Kimura era consciente de que el Conde podría llegar a prescindir de ella, y aunque le hubiera gustado decir algo para que el Conde acallara sus miedos, la geisha era conocedora del valor del silencio, y éste era uno de esos momentos en los que se hacía necesario. Su amado Conde llevaba diez años planeando vengarse de sus enemigos, y en los últimos tiempos, sus movimientos parecían sucederse con inusitada velocidad.

El Conde no quería precipitarse, pero algo muy recóndito en su interior le hacía sentir la emoción de la victoria al alcance de la mano, lo que le provocaba una tensión que se traducía en un mal humor fuera de lo normal. 

De repente, alguien solicitó audiencia al otro lado de la puerta.

— Adelante…— susurró el Conde, ensimismado. 

Ante sus retinas cobró forma la exuberante figura de Itsake. La sensualidad de sus gestos despertó la admiración de Kimura, muy a su pesar. Las facciones del Conde se transformaron dibujando una sonrisa en sus labios. Un intenso brillo en sus ojos delataba su interés por aquella mujer. 

— Es un placer encontrarme de nuevo con vos, Sire— dijo Itsake inclinando la cabeza con calculada suavidad. 

— Dime Itsake, ¿traes alguna noticia que justifique tu presencia en mis aposentos a estas horas?— preguntó el Conde incorporándose e ignorando a Kimura mientras se cubría con un batín de seda añil.

— Sí, mi Señor, muy buenas noticias, dignas de vuestros oídos— dijo Itsake lanzando una fugaz mirada a Kimura, dando a entender al Conde el deseo de que ésta les dejase a solas.

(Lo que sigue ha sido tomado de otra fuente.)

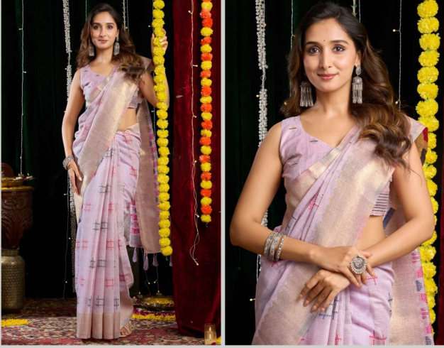
sarees goals: Midnight blues and starry skies
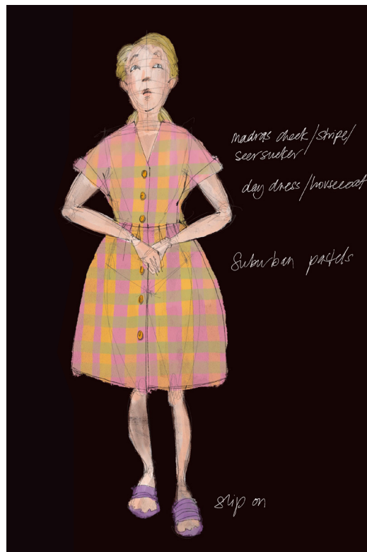
She also plays Mother.
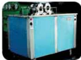
↑ Ultrasonic cleaning
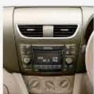
In-built music system
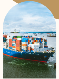
SHIPPING & LOGISTICS
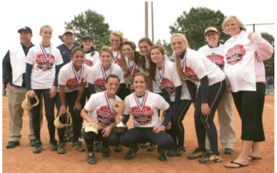
Class A Eagle's Landing Christian Academy Lady Chargers
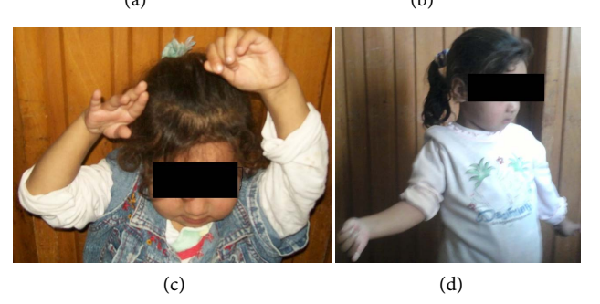
Figure 3. (a) Preoperative; (b) Before cast removal; (c) Six months postoperative; (d) Twelve months postoperative.
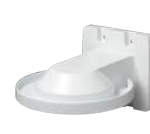
WV-QWL500-W Mount Bracket
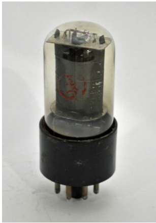
PH-1 by Toshiba (1942)
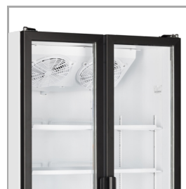
Full height doors
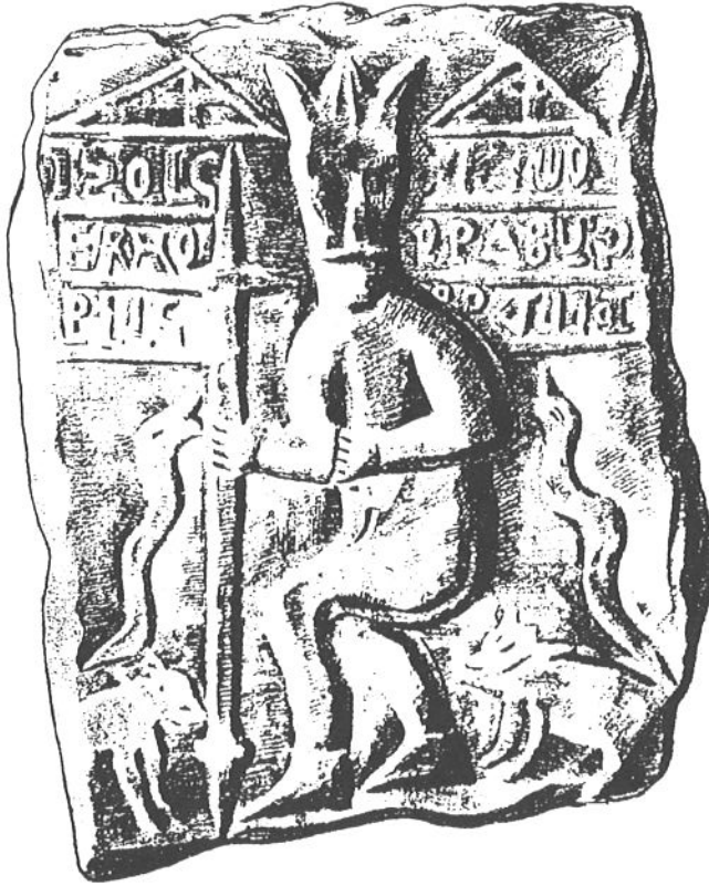
Fig. 4. The bas-relief from Shumen.

What concerns Nagyszentmiklós we must keep in mind the following statement by Németh: «As to the phonetic stock of the material I wish to remark and even to emphasize that the Old-Turkish z is represented by z ( s ) ( čeriz , egiz ~ Chuvash sêvar ). Thus here also, there is no trace of anything Bulgarian. The word egiz represents a typically Kypchak form [...] I emphasize here again: the forms of the Turkish words in our inscriptions are always old Kypchak forms.» 26
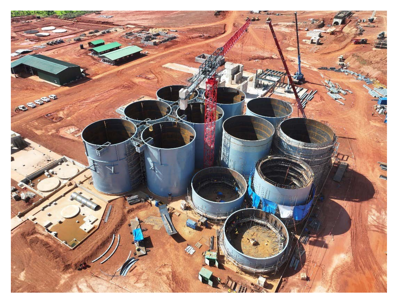
Figure 5: View of the Milling and CIL looking west (7 June 2025)
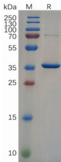
Figure 1. Human NEFL(89-400) Protein, His Tag on SDS-PAGE under reducing condition.
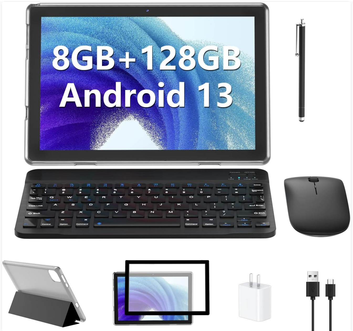
Image: The ECOPAD Android Tablet shown with its accompanying keyboard, mouse, and stylus, highlighting its 2-in-1 functionality.
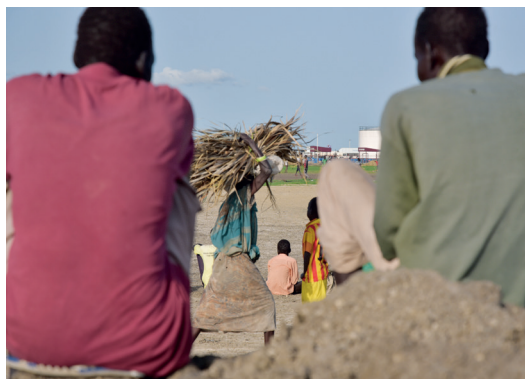
Two men look on as a woman returns to the site after collecting firewood

Since February 2016, MSF has provided 406 consultations for physical injuries associated with violence
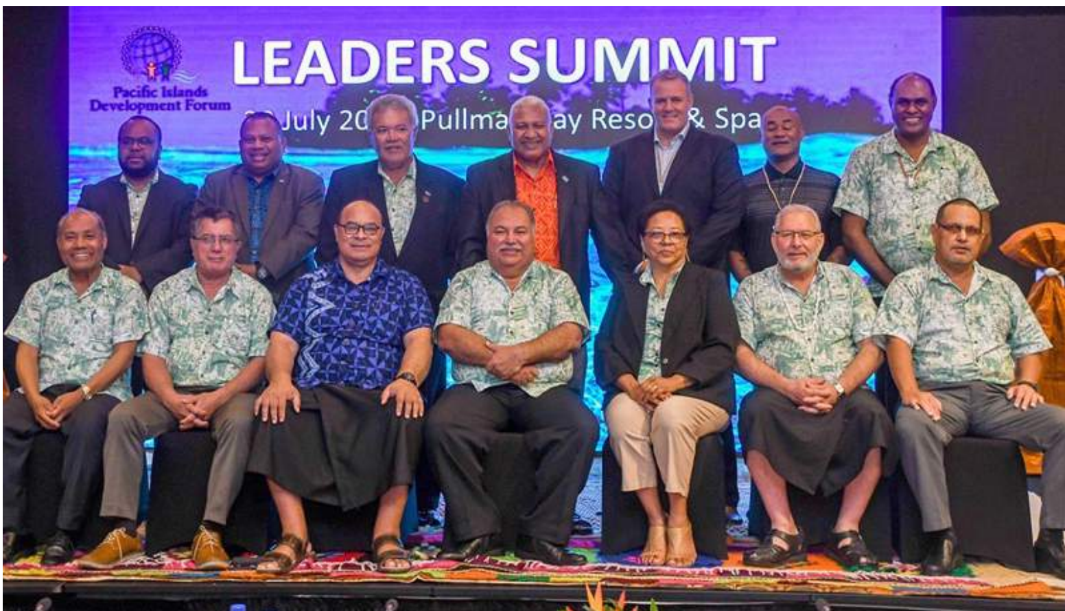
Prime Minister Voreqe Bainimarama with Pacific leaders during the Pacific Islands Development Forum (PIDF) in Nadi yesterday.

“There must be a national program that effectively and positively prepares our future generations to take our country to great levels of prosperity.”
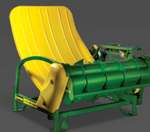
CHAINLESS 2000 LINKAGE FEEDER
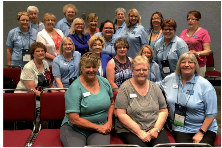
Department of Colorado VFW Auxiliary Officers and members attending National Convention in Kansas City, MO.
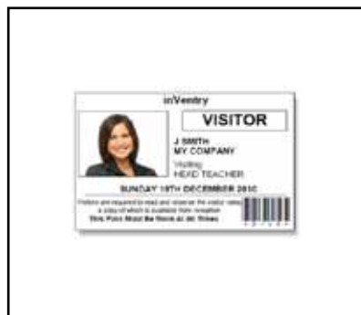
Step 2: Collect Badge
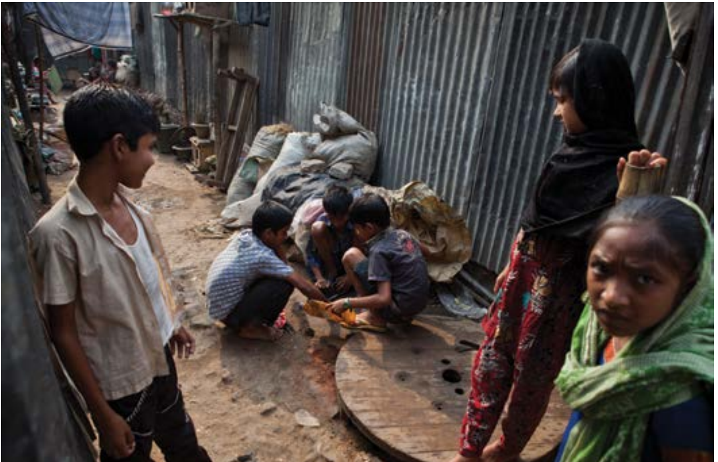
Children play, Koral Slum, Dhaka, Bangladesh.
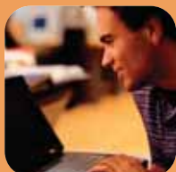
Files are sent from any PC or wireless device.
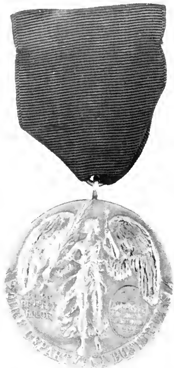
WALTER SCOTT MEDAL FOR VALOR
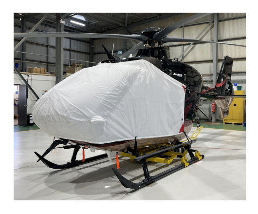
Airbus EC-135 Bubble Cover (with Wire Strike)
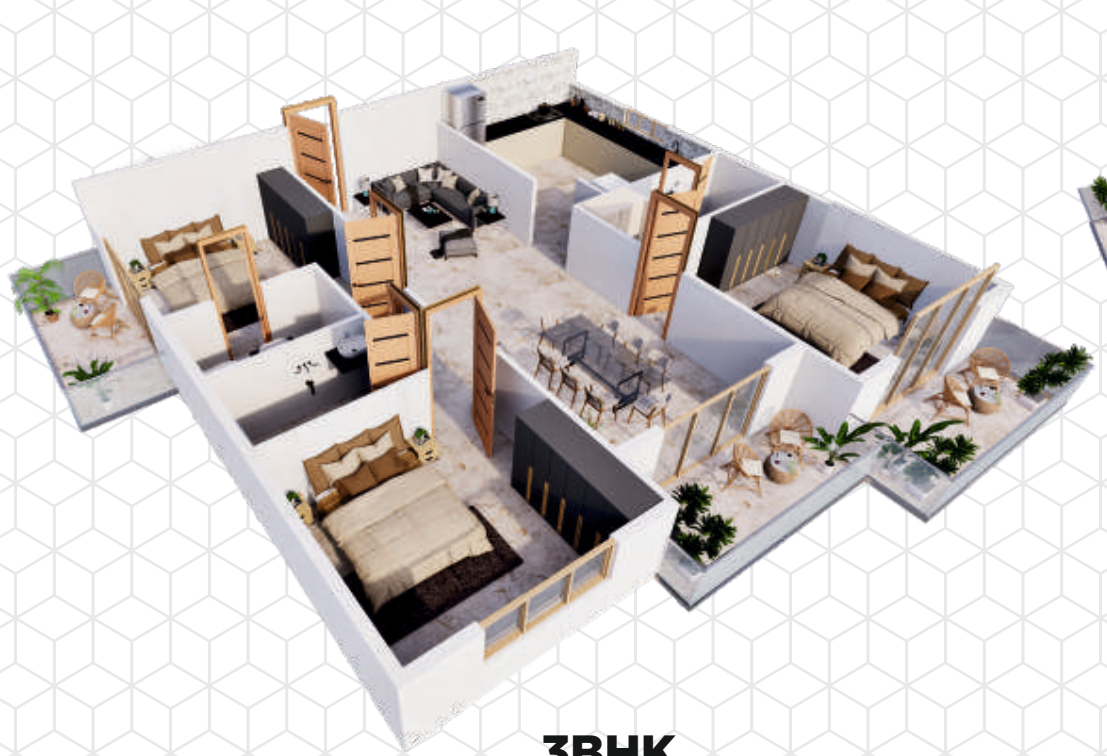
3BHK EAST-FACING 1765 SQ. FT
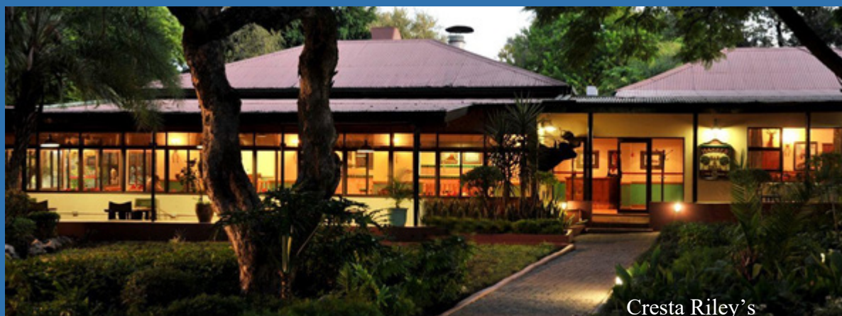
Overnight Cresta Riley's

Cresta Riley's Hotel has a long history of meeting the needs of travelers seeking authentic African experiences as well as modern comforts. The hotel facilities include comfortable accommodation, a swimming pool, fitness center, Internet, satellite television, and a selection of fine dining.
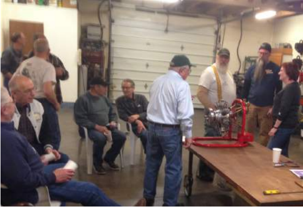
OTC members mingle with Modeling Club
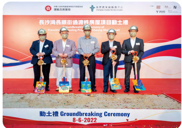
▶ 長順街項目為本會首個過渡性房屋項目。 The Cheung Shun Street Project will be CFSC's first transitional housing project.
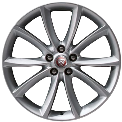
19" Style 1023, 10 spoke
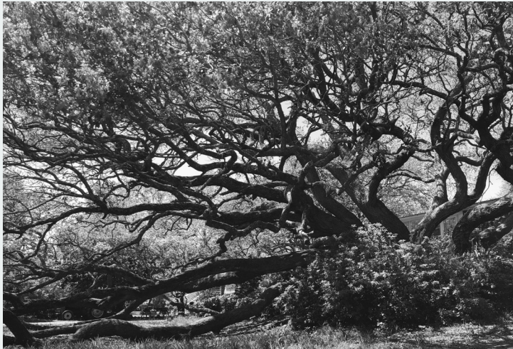
The "Goldbug Tree," made famous by Edgar Allen Poe's short story, is protected and currently located on a privately owned residential property.

Any tree with a diameter of 6" or greater is protected on Sullivan's Island and may only be removed by submitting a Tree Removal Permit by way of the Town's online permitting website. Any tree 16" in diameter, or greater, is considered a "significant" specimen and must be approved for removal by the Tree Commission . Tree Protection Zones (TPZ) must be established around any protected tree located within the limits of disturbance ahead of commencing any permitted construction project; the TPZ shall be a minimum of 1-foot radius per inch of the tree trunk's DBH.
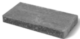
COPING/STEP TREAD 12 x 24 x 3" 300 x 600 x 150mm
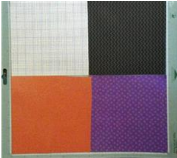
Papeer set up on cutting mat, the insert arrow on the left

I applied the paper in 6x6 sections to the cutting mat. I used one layer on the cutting mat in Cricut Craft Room. Make sure you use at least 6" of paper on the cutting mat, the more surface area the paper is in contact with the cutting mat the better it sticks to the mat and less chance to slip when it is being cut.
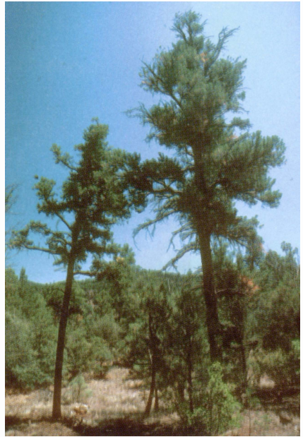
Figure 3. Witches' brooms on severely infected pinyon pines.

There are natural factors that affect the distribution of pinyon pine dwarf mistletoe, especially wildfires, which have been nature's primary control agent. Also, several species of insects and fungi may attack and kill pinyon pine dwarf mistletoe shoots or fruits.
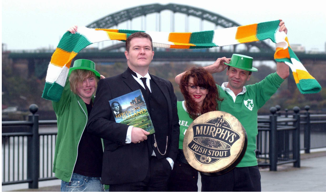
Students and staff at the Sunderland conference.

— Hummm, entiendo. Kimura, déjanos un momento y aguarda hasta que te reclame de nuevo, querida— ordenó el Conde anudándose el batín.

— Por supuesto, mi Señor— respondió Kimura sintiendo cómo una rosa de fuego comenzaba a arder en su pecho.

Una ira creciente recorrió su cuerpo. El insulto de Itsake era claro y directo. De sobra sabía que si alguien requería la presencia del Conde, éste solía ir a la habitación contigua para atender cualquier petición o demanda, pues sus aposentos eran sagrados para él, hasta el momento, al menos. Kimura siempre estaba en los mismos, disponible en cualquier instante, y ahora, súbitamente, aquella Homofel le estaba ganando en su propio terreno. Kimura abandonó el dormitorio, no sin antes lanzar a Itsake una furtiva mirada cargada con todo el odio de su ser, la cual no pasó desapercibida a la Homofel, que sonrió con autosuficiencia. Kimura cerró la puerta tras de sí, con ceremonial cuidado. El Conde exigió la atención de Itsake.

— Cuéntamelo.

— Esa es mi intención, Sire— dijo Itsake, sonriente.

— Y ahórrate los prolegómenos, ve al grano, querida— ordenó el Conde. Su semblante era una máscara de pura concentración.

— Los Koperian están dispuestos para ejecutar vuestras órdenes de ataque en cuanto consideréis oportuno. Sus fuerzas de invasión son muy numerosas y formidables. Es un riesgo a tener en cuenta para el futuro, si se quebrase vuestro pacto de no beligerancia— argumentó Itsake. 

— Cierto, pero recuerda que el tratamiento que les he ofrecido para su enfermedad tiene propiedades paliativas, pero no curativas. Eso les hace dependientes de nosotros hasta que dejen de sernos útiles.

— Si les curaseis completamente se convertirían en una amenaza para vos, y eso sería un juego muy peligroso, mi Señor.

— Cierto pero, ¿un juego? Yo hago del arte de gobernar una ciencia digna de los más aptos para ejercerla.

— Pero mi Señor, tarde o temprano reclamarán un medicamento más eficaz que extinga, de una vez por todas, el mal que hostiga a su raza. Me dijeron que les fue infligido por una antigua estirpe ya desaparecida, los Corláridas, creo.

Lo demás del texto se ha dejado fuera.